Given the entries below, would you transcribe exactly the lines starting at the one with "重庆:《重庆市加力振作工业经济若干政策措施》" and ending at the one with "Be still. In", both kept, pictures omitted, nothing extra?

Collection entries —
******

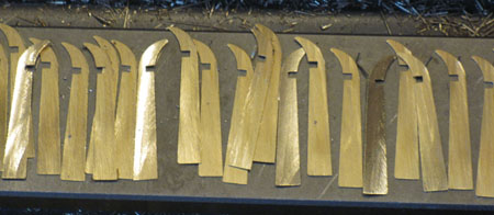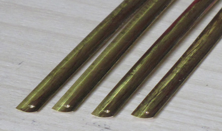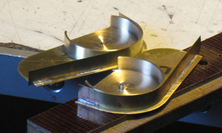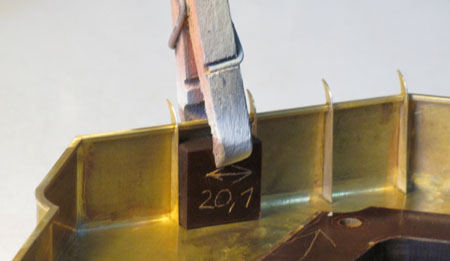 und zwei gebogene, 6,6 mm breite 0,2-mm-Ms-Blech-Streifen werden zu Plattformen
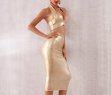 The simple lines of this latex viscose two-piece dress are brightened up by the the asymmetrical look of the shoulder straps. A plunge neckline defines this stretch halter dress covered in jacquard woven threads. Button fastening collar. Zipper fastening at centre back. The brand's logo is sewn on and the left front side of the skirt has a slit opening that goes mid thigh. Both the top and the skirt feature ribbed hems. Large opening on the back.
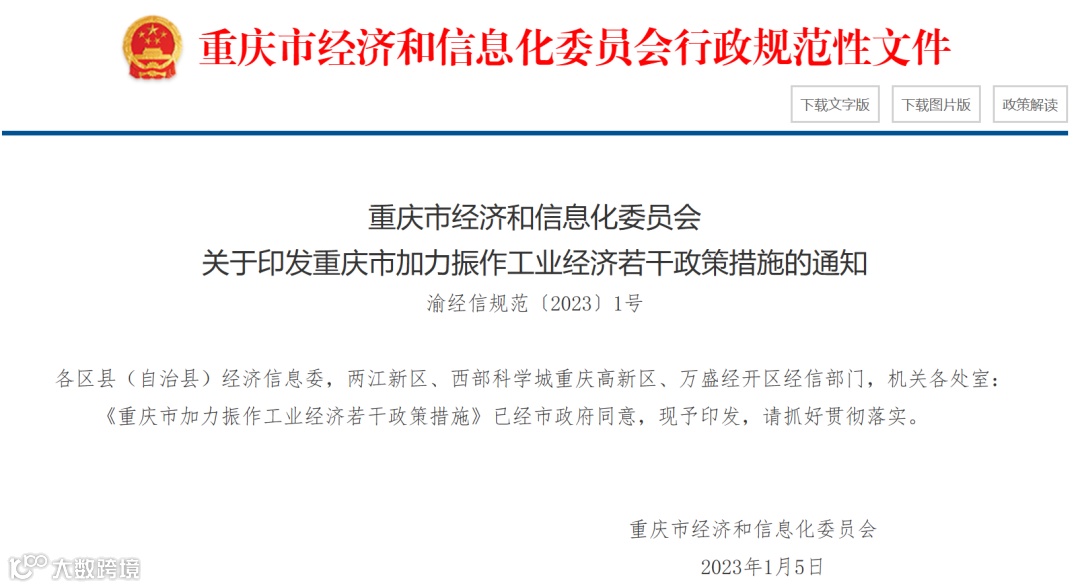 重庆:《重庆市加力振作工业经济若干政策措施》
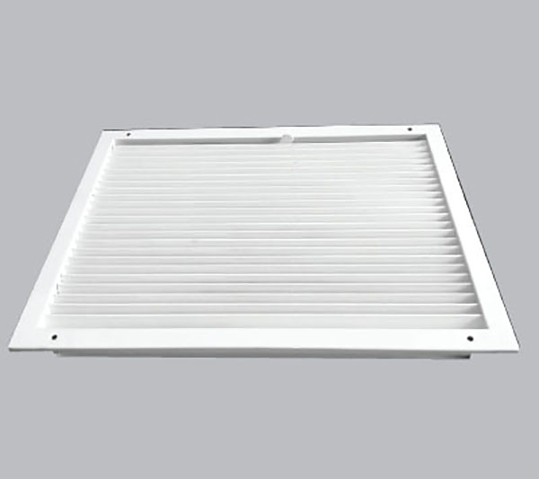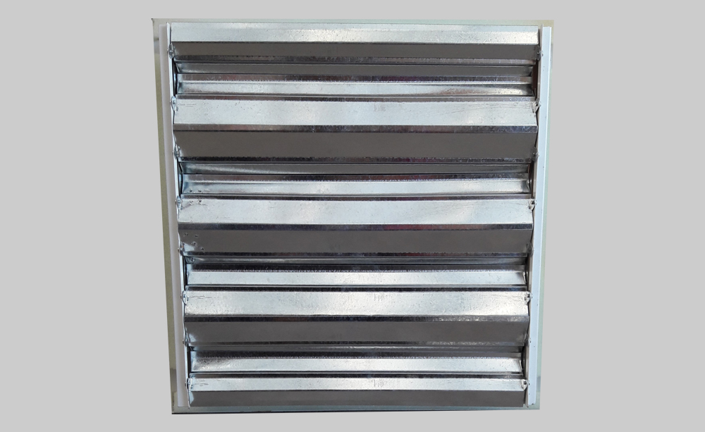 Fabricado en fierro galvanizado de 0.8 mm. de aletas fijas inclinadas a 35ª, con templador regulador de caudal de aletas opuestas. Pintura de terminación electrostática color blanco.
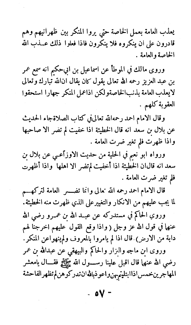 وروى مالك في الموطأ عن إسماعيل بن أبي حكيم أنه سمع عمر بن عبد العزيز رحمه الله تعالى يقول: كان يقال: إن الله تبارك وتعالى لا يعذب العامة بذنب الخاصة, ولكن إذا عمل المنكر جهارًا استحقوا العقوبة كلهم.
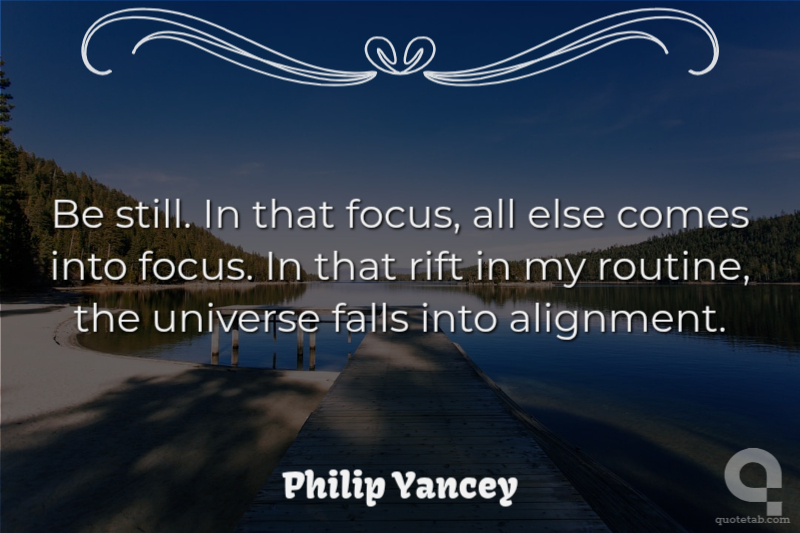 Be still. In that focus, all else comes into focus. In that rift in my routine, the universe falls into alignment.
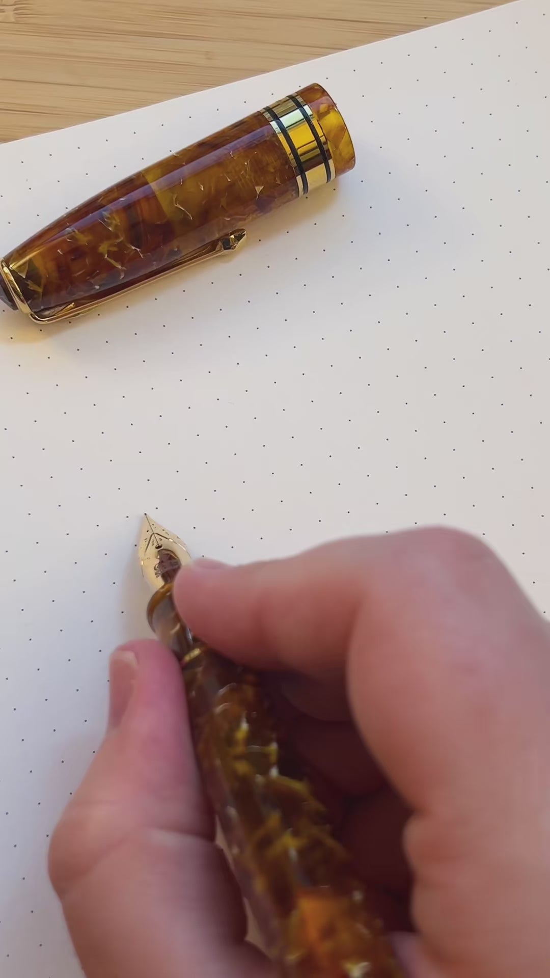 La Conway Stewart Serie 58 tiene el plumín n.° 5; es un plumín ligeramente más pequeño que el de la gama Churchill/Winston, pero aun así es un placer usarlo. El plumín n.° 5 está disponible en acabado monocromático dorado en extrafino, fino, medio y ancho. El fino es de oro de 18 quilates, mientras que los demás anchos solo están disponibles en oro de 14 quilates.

******

RESULT OF THIS TASK —
 重庆:《重庆市加力振作工业经济若干政策措施》
 Fabricado en fierro galvanizado de 0.8 mm. de aletas fijas inclinadas a 35ª, con templador regulador de caudal de aletas opuestas. Pintura de terminación electrostática color blanco.
 وروى مالك في الموطأ عن إسماعيل بن أبي حكيم أنه سمع عمر بن عبد العزيز رحمه الله تعالى يقول: كان يقال: إن الله تبارك وتعالى لا يعذب العامة بذنب الخاصة, ولكن إذا عمل المنكر جهارًا استحقوا العقوبة كلهم.
 Be still. In that focus, all else comes into focus. In that rift in my routine, the universe falls into alignment.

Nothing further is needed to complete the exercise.